WORK INSTRUCTION:
Set the pictures aside and transcribe exactly the lines from the one containing "The average price" through the final line of the records.

SOURCE MATERIAL:
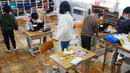 今、クラス全員でとある物を制作しています。画用紙や折り紙等、様々な物を使って工作したり、メッセージを書いたりしています。
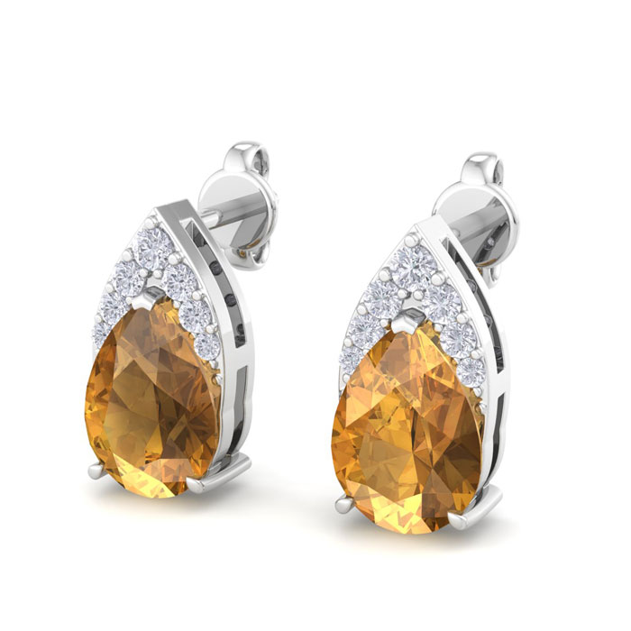 1 3/4 Carat Pear Shape Citrine and Diamond Earrings In 14 Karat White Gold
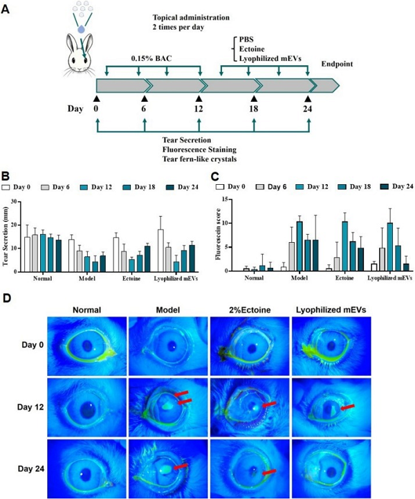 图2冻干mEVs对兔DED的治疗效果
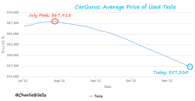The average price of a used Tesla is now over $10k lower than the peak in July.
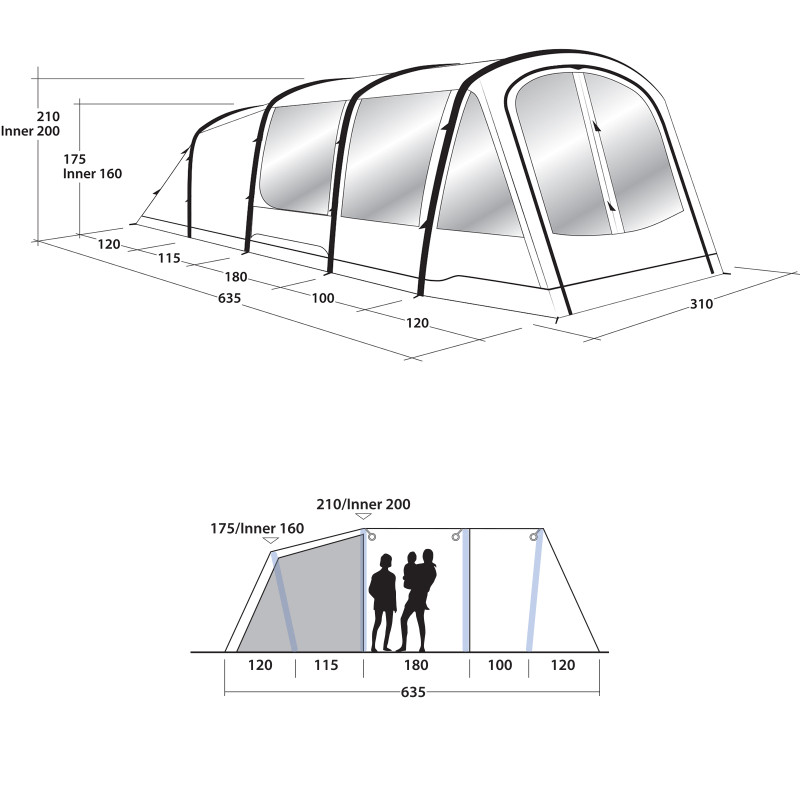 - Outwell Wind Brace System - использование фиксирующих лямок в ключевых точках вдоль надувных балок, чтобы обеспечить повышенную устойчивость палатки при сильном ветре.
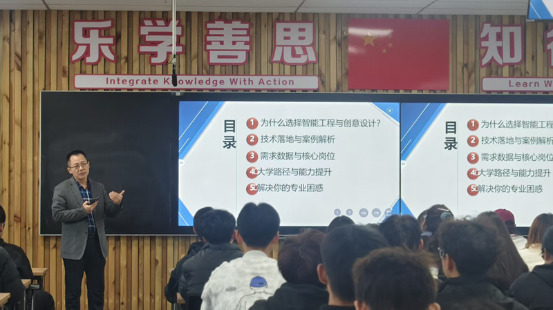 讲座开始前,由智能工程学院党总支书记孟书记主持,孟书记对吕教授进行了详细的介绍,讲座的气氛瞬间活跃起来。讲座伊始,吕宗旺教授以从日常生活中的智能家居入手,生动的分享了智能工程与创意设计领域的前沿成果,从AI驱动的工业设计自动化系统,到日常智能家居的变革,生动展现了“智能+创意”融合催生的行业变革。当前社会对兼具技术素养与创新思维的复合型人才需求激增。吕教授结合市场调研数据,深入剖析了社会需求与就业前景:从智能装备研发、交互设计到智慧空间规划,相关岗位需求年均增长超20%,且薪资水平、职业发展空间显著优于传统领域,为新生们勾勒出清晰的职业蓝图。
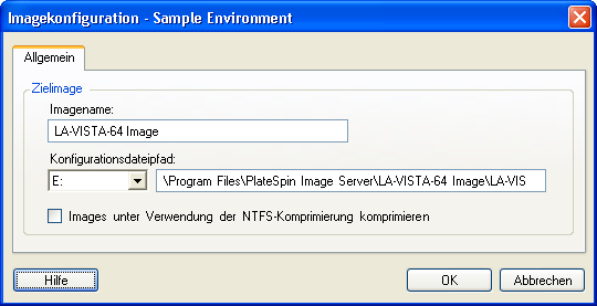 Imagekonfiguration: Geben Sie den Imagenamen und den Pfad zu dem Speicherort ein, an dem das Image gespeichert werden soll und geben Sie an, ob die NTFS-Komprimierung verwendet werden soll (klicken Sie hierzu unter „Image-Konfiguration“ auf Allgemein).
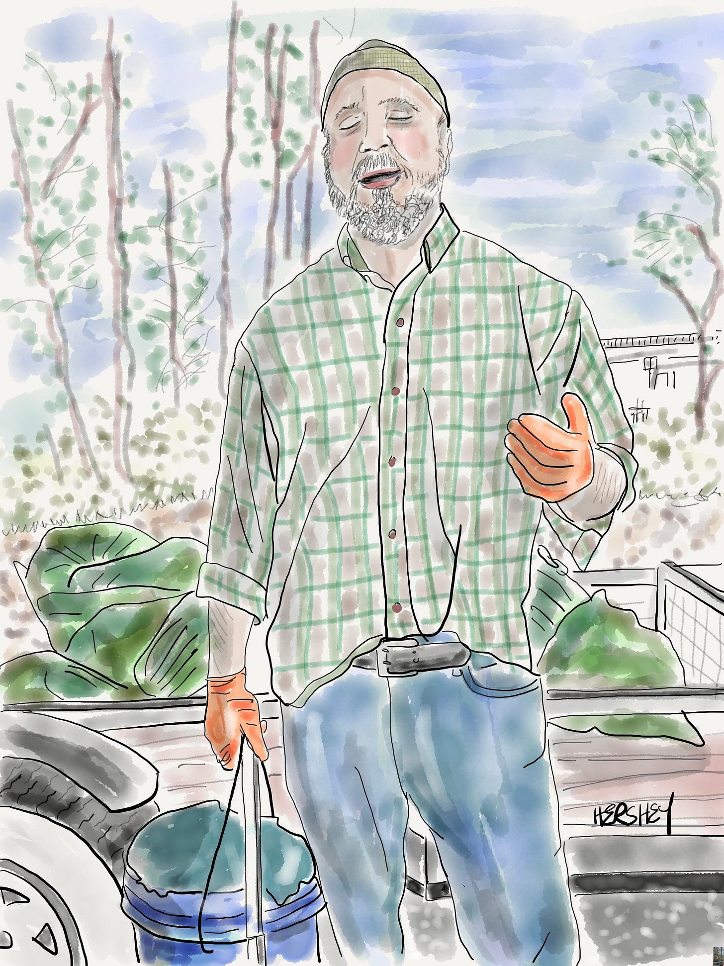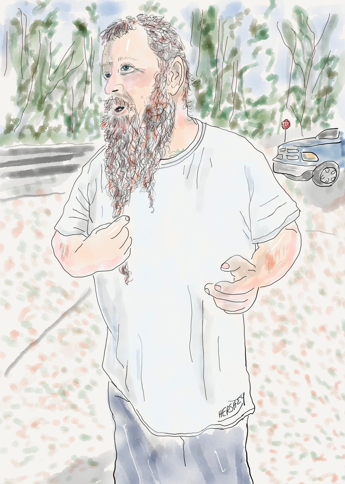 We met Louis outside Ellisville, Mississippi, as we adjusted our gear at an abandoned gas station. Louis was driving by and made a sudden U-turn, pulled into the station, and jumped out of his truck. We didn’t have time to react before he roared, “You got a weapon?” “A weapon?” Jenny replied, “We’re from New York City. We don’t carry weapons. Do we need them here?” Louis shrugged and returned to his pickup, bringing back a box cutter. He handed it to me, and I almost took it, but then I said, “I have a knife in my gear (I did, although it would take me about 10 minutes to find it), so I don’t need that. But thanks!” We fell into chatting, learning that Louis had lived his whole life in Mississippi except for one week in Missouri, and he came back because he was homesick. Jenny admired Louis’s beard. He told us he grew it for his sister-in-law, who makes wigs for kids with cancer. He cuts it for her every three years. “My beard is coarse, so it makes great wigs for black kids. Here, feel it.” Jenny did. Then he touched his head, “My hair up top is softer. It’s for the white kids.” As we finished talking, Louis reached out and hugged Jenny and waved me over to share a group hug (to our complete surprise) before he jumped back in his truck and drove away. Drawing by Jenny Hershey. Follow her on Instagram @deeofo.

RESULT OF THIS TASK:
The average price of a used Tesla is now over $10k lower than the peak in July.
 - Outwell Wind Brace System - использование фиксирующих лямок в ключевых точках вдоль надувных балок, чтобы обеспечить повышенную устойчивость палатки при сильном ветре.
 讲座开始前,由智能工程学院党总支书记孟书记主持,孟书记对吕教授进行了详细的介绍,讲座的气氛瞬间活跃起来。讲座伊始,吕宗旺教授以从日常生活中的智能家居入手,生动的分享了智能工程与创意设计领域的前沿成果,从AI驱动的工业设计自动化系统,到日常智能家居的变革,生动展现了“智能+创意”融合催生的行业变革。当前社会对兼具技术素养与创新思维的复合型人才需求激增。吕教授结合市场调研数据,深入剖析了社会需求与就业前景:从智能装备研发、交互设计到智慧空间规划,相关岗位需求年均增长超20%,且薪资水平、职业发展空间显著优于传统领域,为新生们勾勒出清晰的职业蓝图。
 Imagekonfiguration: Geben Sie den Imagenamen und den Pfad zu dem Speicherort ein, an dem das Image gespeichert werden soll und geben Sie an, ob die NTFS-Komprimierung verwendet werden soll (klicken Sie hierzu unter „Image-Konfiguration“ auf Allgemein).
 We met Louis outside Ellisville, Mississippi, as we adjusted our gear at an abandoned gas station. Louis was driving by and made a sudden U-turn, pulled into the station, and jumped out of his truck. We didn’t have time to react before he roared, “You got a weapon?” “A weapon?” Jenny replied, “We’re from New York City. We don’t carry weapons. Do we need them here?” Louis shrugged and returned to his pickup, bringing back a box cutter. He handed it to me, and I almost took it, but then I said, “I have a knife in my gear (I did, although it would take me about 10 minutes to find it), so I don’t need that. But thanks!” We fell into chatting, learning that Louis had lived his whole life in Mississippi except for one week in Missouri, and he came back because he was homesick. Jenny admired Louis’s beard. He told us he grew it for his sister-in-law, who makes wigs for kids with cancer. He cuts it for her every three years. “My beard is coarse, so it makes great wigs for black kids. Here, feel it.” Jenny did. Then he touched his head, “My hair up top is softer. It’s for the white kids.” As we finished talking, Louis reached out and hugged Jenny and waved me over to share a group hug (to our complete surprise) before he jumped back in his truck and drove away. Drawing by Jenny Hershey. Follow her on Instagram @deeofo.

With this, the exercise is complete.